China has officially put online lottery sales in the deep freeze, at least for the foreseeable future, following changes to lottery rules.
On Monday, China’s Ministry of Finance issued updated rules on lottery operations that redefine the term “illegal lottery” to include “welfare lottery tickets and sports lottery tickets sold by the Internet without authorization.” The changes will officially take effect on October 1.
The document, titled Amendments to the Regulations on the Administration of Lottery Regulations, follows a joint communiqué issued last month by 12 Chinese ministries and commissions “resolutely prohibiting the unauthorized use of the Internet to sell lottery tickets.”
Online lottery sales were suspended on a ‘temporary’ basis in March 2015 after a national audit uncovered rampant corruption at provincial lottery administration centers, including the failure to report all online sales to Beijing.

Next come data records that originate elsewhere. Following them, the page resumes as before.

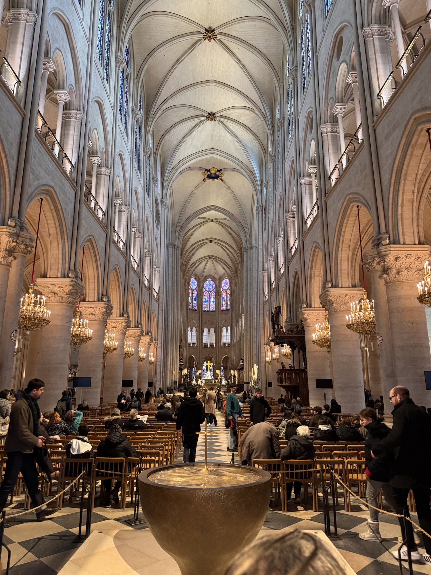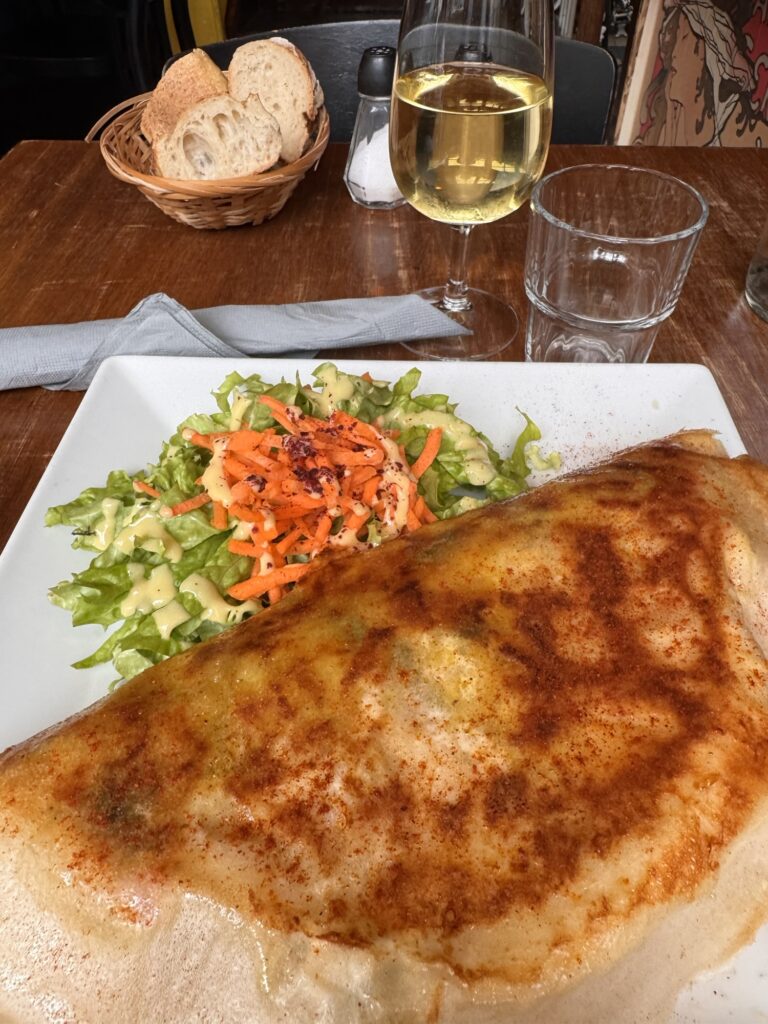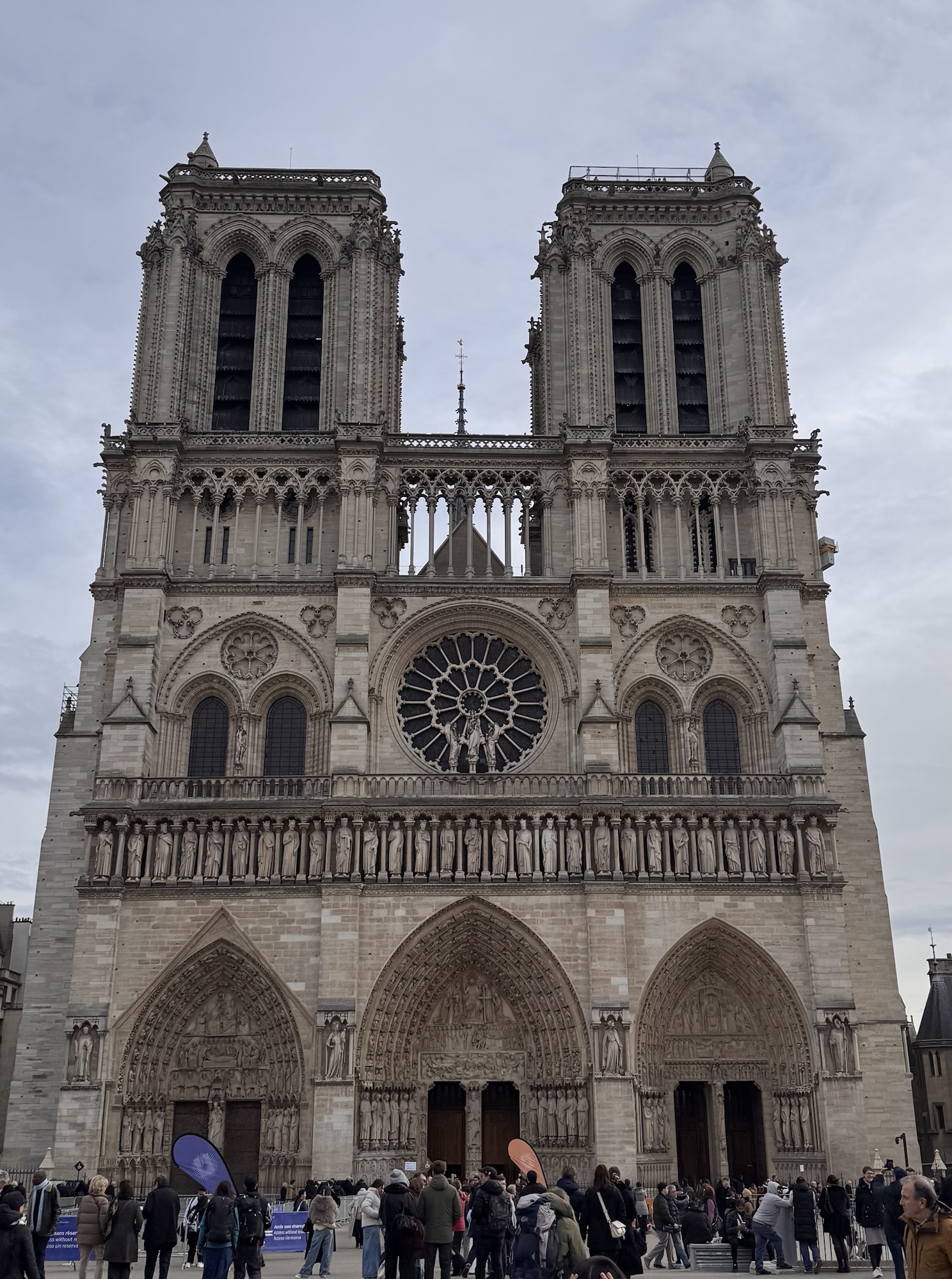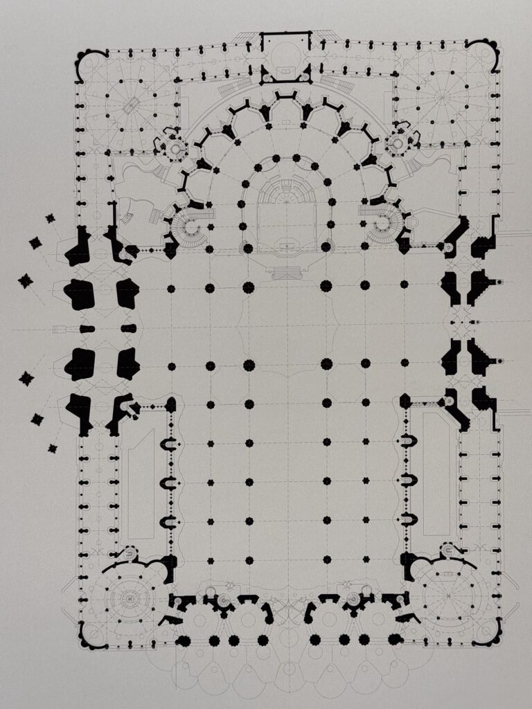 Am nächsten Tag (bewusst schreibe ich nicht Morgen) probiere ich einen weiteren Restauranttipp von Ramsi aus, auch lecker. Danach mein vorher eigentlich einziger feste Programmpunkt in Paris: die Cathédrale Notre-Dame de Paris, frisch restauriert nach dem Feuer. Obwohl erst seit 2024 offen, wirkt sie viel altmodischer als die anderen besuchten Sakralbauwerke auf meiner Reise. Es entstehen einige Fotos, schön ist sie schon. Neu gestaltet ist das Reliquar für die Dornenkrone, die Jesus bei der Kreuzigung getragen hat. DAS Original! Echt! Doppelschwör! Rund um die Kathedrale sind lauter Seitenkapellen, jeweils anderen Heiligen geweiht. Eine davon ist Saint Paul Chen geweiht, die Bilder mit chinesischen Schriftzeichen. Smart move – so fühlen sich die tausende Asiatischen Touristen auch gut aufgehoben. Die Kirche kostet keinen Eintritt, und an diesem kalten Januartag ist auch die Schlange bis man reinkommt sehr kurz.
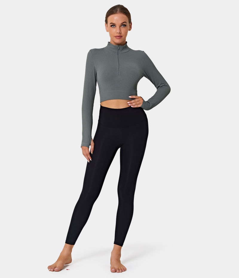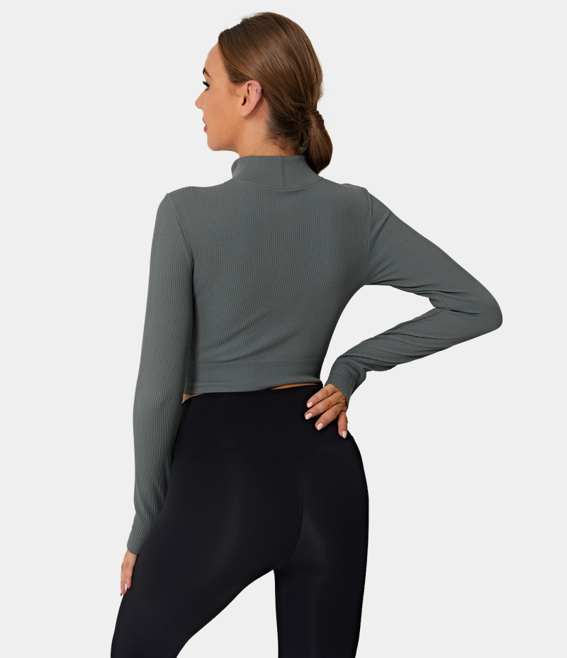 :: Halara Mock Neck Half Zip Thumb Hole Cropped Sports Women's Tops Slate Blue | QXAMCIF-46
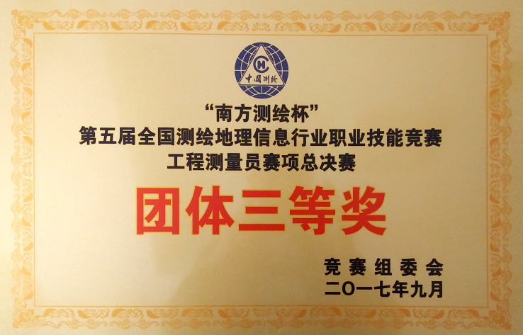 “南方測(cè)繪杯”全國第五屆測(cè)繪職業(yè)技能競(jìng)賽團(tuán)體三等獎(jiǎng)
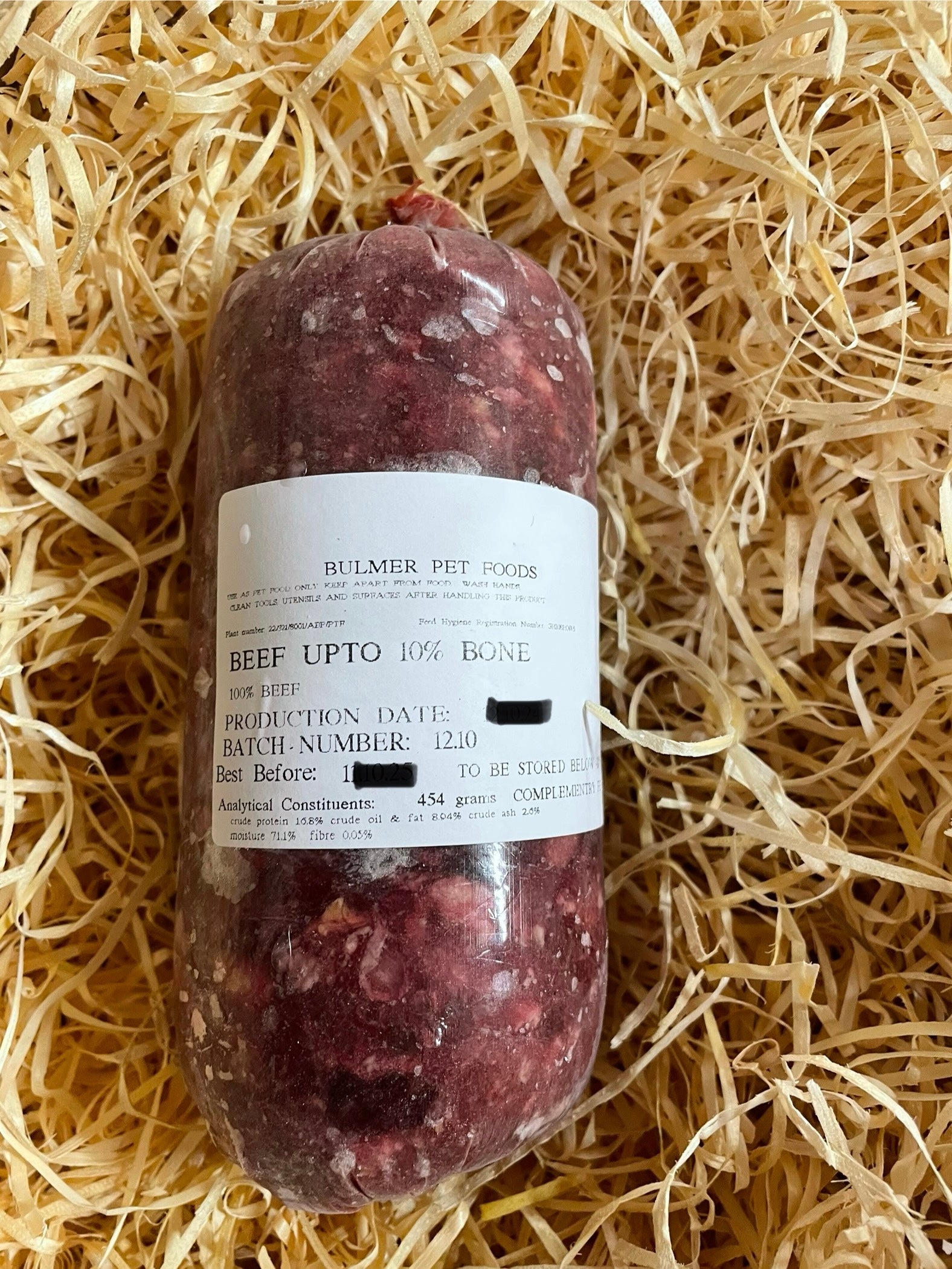 100% Minced Beef with 5 -10% Bone. No Offal. Each roll is approximately 454g. Contains small pieces of bone.
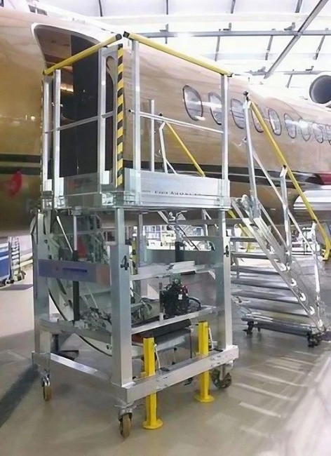 Il peut être ajusté en hauteur grâce à une plateforme réglable de 1400 à 1800 mm, facilitant ainsi l'accès à divers types d'aéronefs comme les Airbus ou les jets Falcon 900 et 2000.
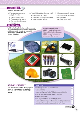 are going on a camping trip. Look at the pictures I think it would be better to ...
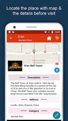 Apart from this, Xi'an Travel & Explore guides you Why, When and How to visit various places in Xian with precise location on the detailed Map. There are two ways to explore this app - Category view and EduBank favorite places view. Pin your destinations and get the routes on the Map. Not only this, you can see exactly how the places look like with Street View integrated in this app. The app also has a feature to Rate and write Review/Experience regarding entity(s) through Login. Your Travel experience and rating will help the user community.
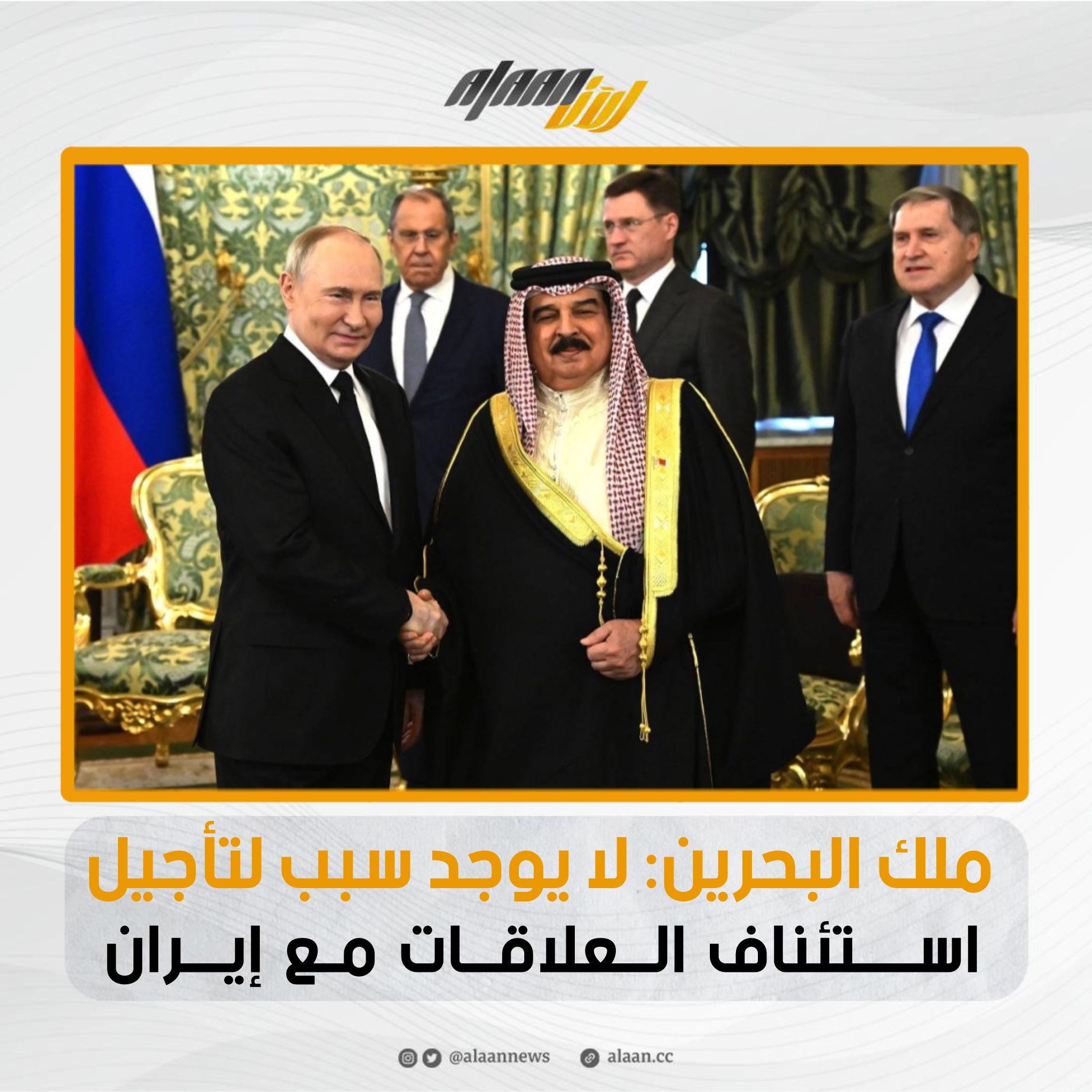 ونقلت وكالة أنباء البحرين «بنا» عن الملك حمد بن عيسى القول خلال لقاء مع الرئيس الروسي فلاديمير بوتين في الكرملين إن «المملكة تتطلع إلى تحسين علاقاتها مع إيران».

Online lottery sales were never formally legalized, but Beijing had authorized two operators to participate in a ‘pilot program’ to study the effect of online sales. In reality, many other operators, including some of China’s technology giants, openly engaged in online lottery operations.
The continued existence of online sports lottery products became patently obvious during this summer’s FIFA World Cup. In June, state-run media criticized domestic tech firm Tencent for permitting unauthorized gambling operations on its networks. In August, tech giant Apple purged thousands of gambling and lottery apps from its China-facing App Store after coming under criticism by state-run media.
Confusingly, China’s official lottery website issued its own statement on Tuesday titled ‘Building a new era sports lottery centered on the people.” The statement suggests that one of the chief obstacles to lottery growth is the fact that it is “extremely inconvenient for some remote suburban residents to purchase lottery tickets.”
The statement goes on to say that one of the ways to make lottery sales more convenient would be to “vigorously explore new ways of ‘Internet + lottery.’” Another option would be to “try to build a sports lottery TV shopping platform with the radio and television network,” so as to allow lottery customers to “enjoy the fun of buying and winning without leaving the house.”
Suffice it to say, China appears to want to have its online lottery cake and eat it too, or there’s been some serious miscommunication between the various branches of government. Either the key takeaway in the Ministry’s announcement is the word “unauthorized” or the coming days will likely see some lottery boss hanging his head in court, flanked by two very unsmiling guards.